YOUR SOLIN GENERATED RECIPE
Grilled Chicken Breast with Roasted Veggies and Brown Rice
Savor a perfectly grilled chicken breast paired with a colorful medley of roasted veggies and tender brown rice. This well-balanced lunch delivers a satisfying blend of lean protein, complex carbs, and vibrant flavors with just a hint of herb-infused olive oil.
INGREDIENTS
5 ounces Chicken Breast
1/2 cup cooked Brown Rice
1 cup Mixed Veggies (zucchini & bell peppers)
1 teaspoon Olive Oil
1 tablespoon Fresh Herbs (rosemary or thyme)
PREPARATION
Preheat your grill or grill pan over medium-high heat.
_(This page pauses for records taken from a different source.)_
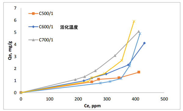圖3顯示了鈣離子的吸附等溫線。等溫線表示分類的I型或II型。較低溶液濃度下的小肩部可能暗示了鈣離子微孔填充的單層吸附飽和。這表明孔表面與鈣離子之間的相互作用較強。活性炭的低孔隙度仍表示III型等溫線,因為沒有明顯的微孔可以被鈣離子填充,而不是外表面和大孔。
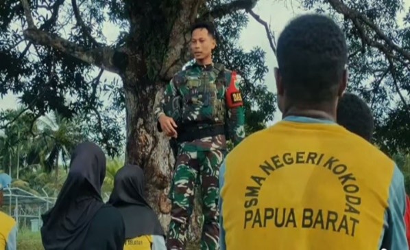 TERASTIMUR.com-Menjelang peringatan Hari Kemerdekaan 17 Agustus, Satgas Pamtas RI-PNG Yonif 763/SBA Pos Kokoda mempersiapkan Upacara Pengibaran Bendera Merah Putih dengan melatih para pelajar di wilayah Distrik Kokoda, Prov Papua Barat Daya, Senin (11/8/2025).
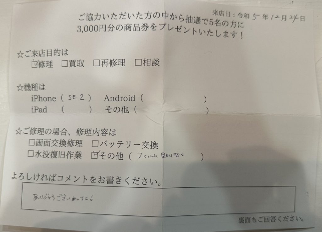 スマホスピタル名古屋駅前 iPhoneSE2のフィルム貼り替えでご依頼されたお客様よりお声を頂きました。
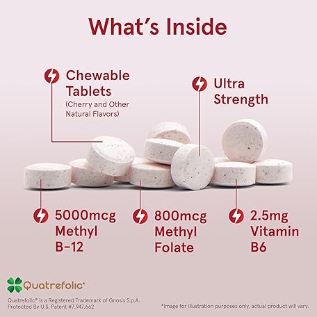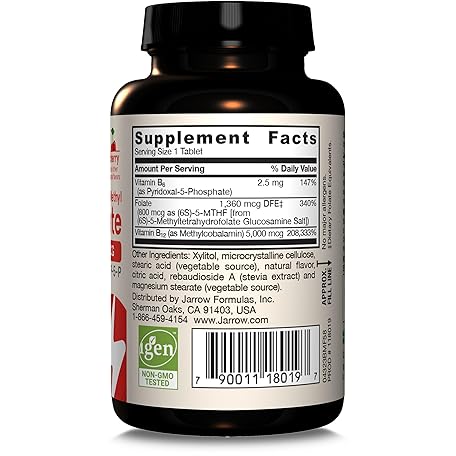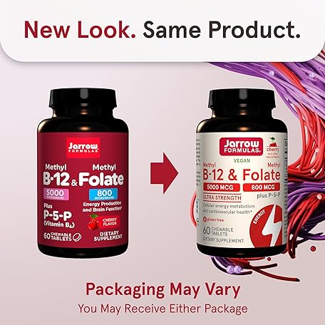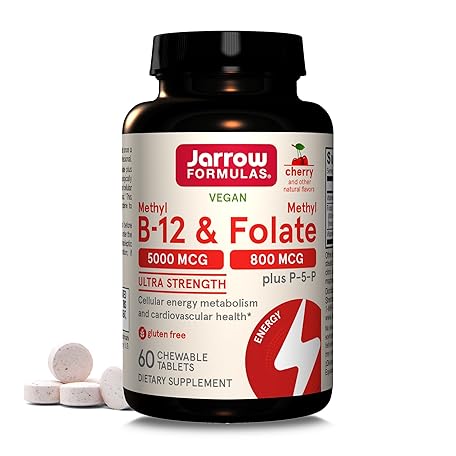Thông tin sản phẩm Jarrow Formulas Ultra Strength Methyl B-12 5000 mcg & Methyl Folate 800 mcg + P-5-P, Dietary Supplement for Cellular Energy Metabolism and Cardiovascular Support, 60 Chewable Tablets, 60 Day Supply
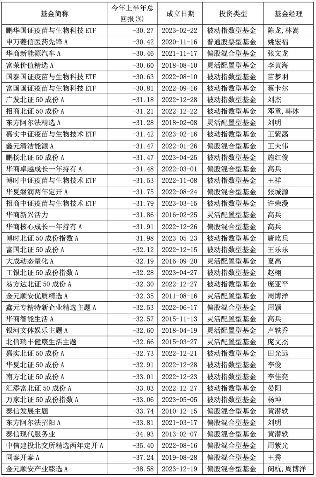 上半年净值跌超30%的基金来自26家公募基金管理机构。其中,华商基金旗下有五只基金现身,分别是华商新能源汽车A、华商卓越成长一年持有A、华商新兴活力、华商核心成长一年持有A、华商智能生活A,上半年收益率分别为-30.46%、-31.48%、-31.86%、-31.91%、-32.57%。
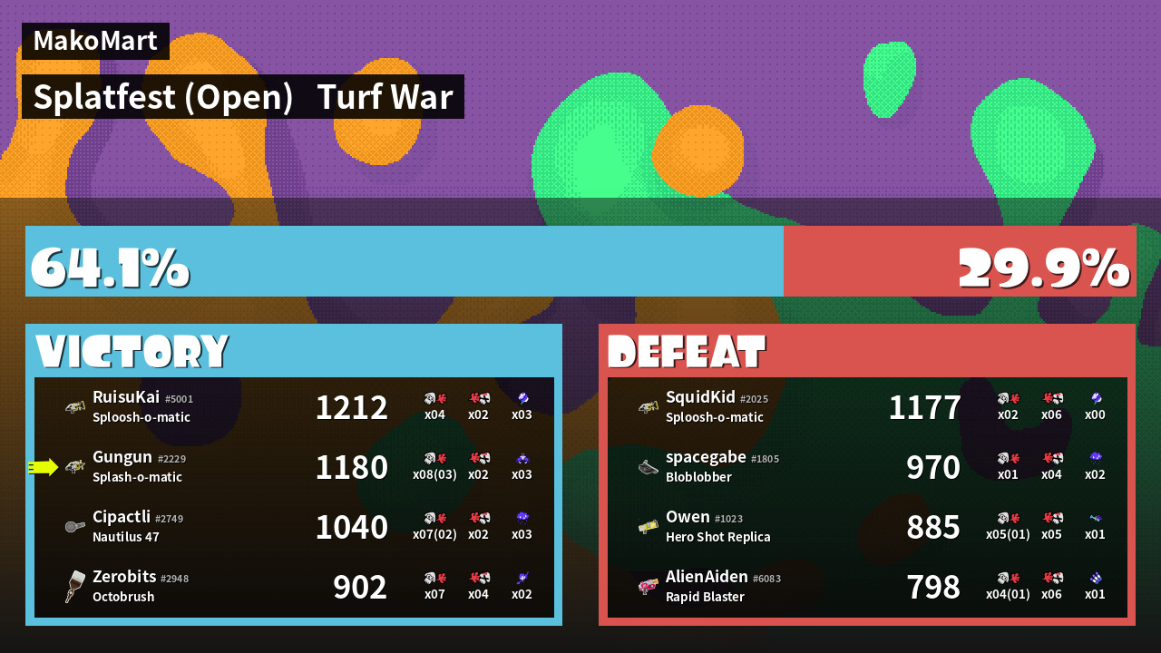 | Medals | #1 Overall Splatter #1 Splat Assister #1 Damage Taker | ||
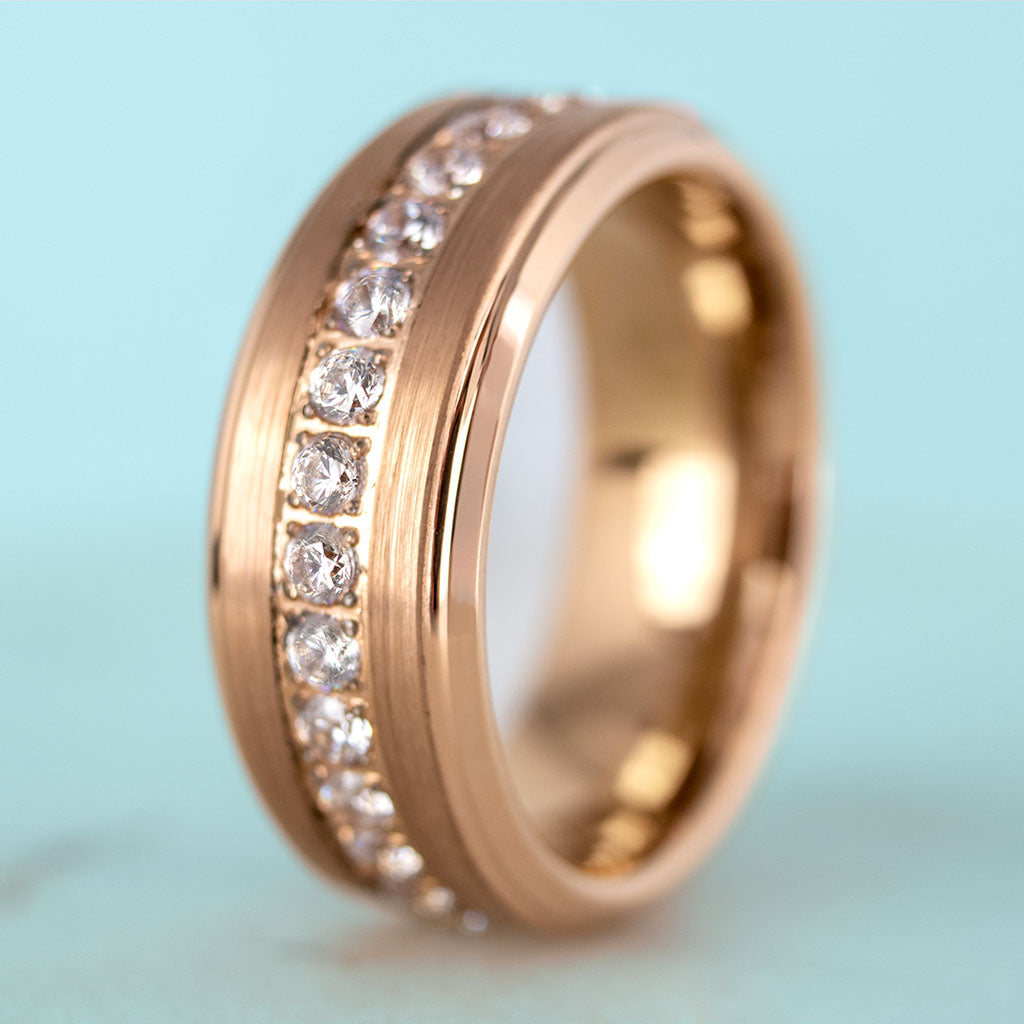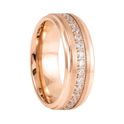 Rose Gold Tungsten Men's Wedding Band with Cubic Zirconia
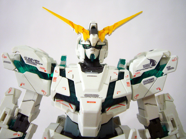 The shoulders have lots of printed info including the tag “ID SEVEN MAGALLANICA” and the Unicorn logo. The Gundam’s head is a very cool helmet and facemask configuration with all of the aforementioned colors and metallic green eyes and yellow crest.

Pat the chicken breast dry with paper towels and season lightly with salt, pepper, and fresh herbs.
Grill the chicken breast for about 6-7 minutes per side or until the internal temperature reaches 165°F.
While the chicken is grilling, preheat the oven to 425°F. Toss the mixed veggies with olive oil, salt, and pepper.
Spread the veggies on a baking sheet and roast in the oven for 15-20 minutes until tender and slightly charred.
Prepare the brown rice according to package instructions if not pre-cooked.
Plate the grilled chicken alongside the roasted veggies and a serving of brown rice, garnishing with a sprinkle of additional fresh herbs if desired.